In the given number it is divided by 10 parts.
So, we can see that the P is the 2nd part of the 10 parts.
So, the fraction will be 3\(\frac{6}{10}\)
Q is in the 6th part. So, the fraction will be 3\(\frac{6}{10}\)= 3\(\frac{3}{5}\).

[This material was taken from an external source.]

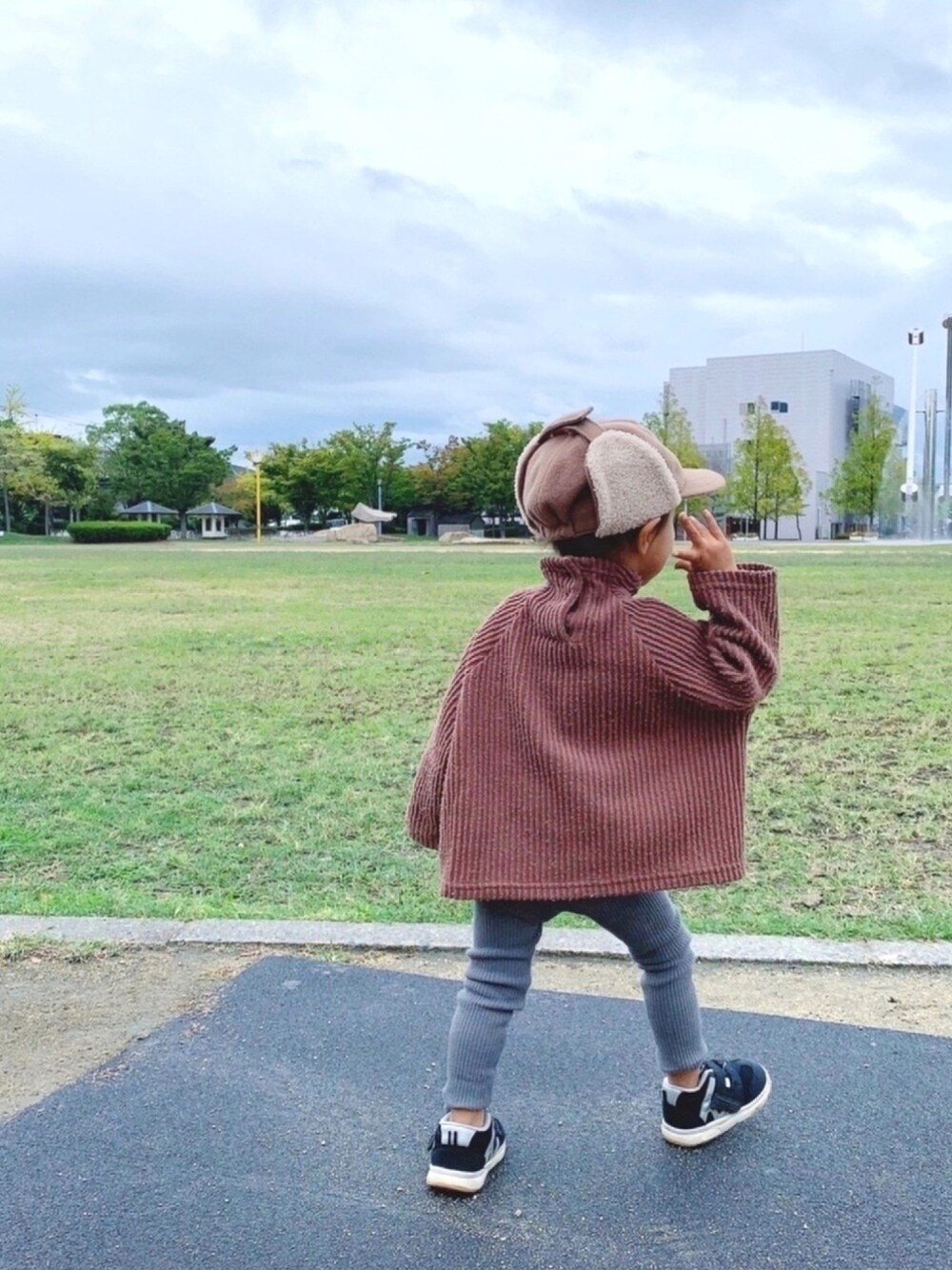 おはようございます☺︎ 肌寒かったので、早いかなあ?と思いながらも 去年から愛用してるハイネックのモコモコを♡ 裏起毛とかじゃなくて見た目より通気性も良いから全然大丈夫だった𓍯♡ 皆が持ってるフライトキャップ格好良いからマネして唯一持ってるバースデーのを被らせたけど、、雰囲気全然違うやないかい𓀃 上マジックテープだよ?←(笑) 🏷#くすみカラー のレギンス合わせで♡ 見て頂きありがとうございます♡ いいね𓏚フォルダin 𓏚フォロー とっても嬉しいです♡ igもよろしくお願いします♡

R is the second part between 4 and 5. So, fraction will be 4\(\frac{2}{10}\)
= 4\(\frac{1}{5}\).
Therefore, the values of P, Q,R are 3\(\frac{3}{5}\) and 4\(\frac{1}{5}\)
Page 108 Exercise 3.10 Problem 5
We are asked to find the fractions that in missing in the number line.
In the given number line it is divided by 10 parts between the numbers.
As we can see the first blank is 5 the blank of 8 blanks.
So, the fraction is 1 \(\frac{5}{8}\)
The second blank is at the 7 position in 8 parts.
So, the fraction is 1\(\frac{6}{8}\)
The last blank is the first part between 2 and 3
So, 2\(\frac{1}{8}\) is the fraction.
Therefore, the values of the blanks are 1 \(\frac{5}{8}\), 1\(\frac{6}{8}\), 2\(\frac{1}{8}\) respectively.
Page 108 Exercise 3.10 Problem 6
We are asked to find which of the given fractions is small.
Given: \(\frac{1}{2}, \frac{2}{5}, \frac{3}{4}, \frac{4}{7} .\)
Let’s find the decimal values of the given fraction.
⇒ \(\frac{1}{2}\) = 0.5
⇒ \(\frac{2}{5}\) = 0.4
⇒ \(\frac{3}{4}\) = 0.75
⇒ \(\frac{4}{7}\) = 0.5714
So,\(\frac{2}{5}\) is the smallest faction.
Therefore, we can say that a given fraction is the smallest in given fractions.
Page 108 Exercise 3.10 Problem 7
We are asked to find which of the given fractions is in its simplest form.
Given: \(\frac{3}{9}, \frac{2}{10}, \frac{5}{7}\)
In \(\frac{3}{9}\) we can see that 9 is a multiple of 3 so it is not in its simplest form.
In \(\frac{2}{10}\)we can see that 10 is a multiple of 2 so it is not in its simplest form.
In \(\frac{5}{7}\)we can see that 5 is not a multiple of 7 so it is not in its simplest form.
Therefore, we can say that \(\frac{5}{7}\) is in its simplest form.
Page 108 Exercise 3.10 Problem 8
We are asked to find which of the given fractions is smaller than\(\frac{1}{2}\)
Let us find the decimal of all the given fractions, we get
⇒ \(\frac{7}{8}\) = 0.875
⇒ \(\frac{5}{9}\) = 0.55
⇒ \(\frac{2}{5}\) = 0.4
Therefore we can say that \(\frac{2}{5}\) is smaller than \(\frac{1}{2}\) is \(\frac{1}{2}\)
Therefore, we can say that \(\frac{2}{5}\) is the fraction that is smaller than is \(\frac{1}{2}\)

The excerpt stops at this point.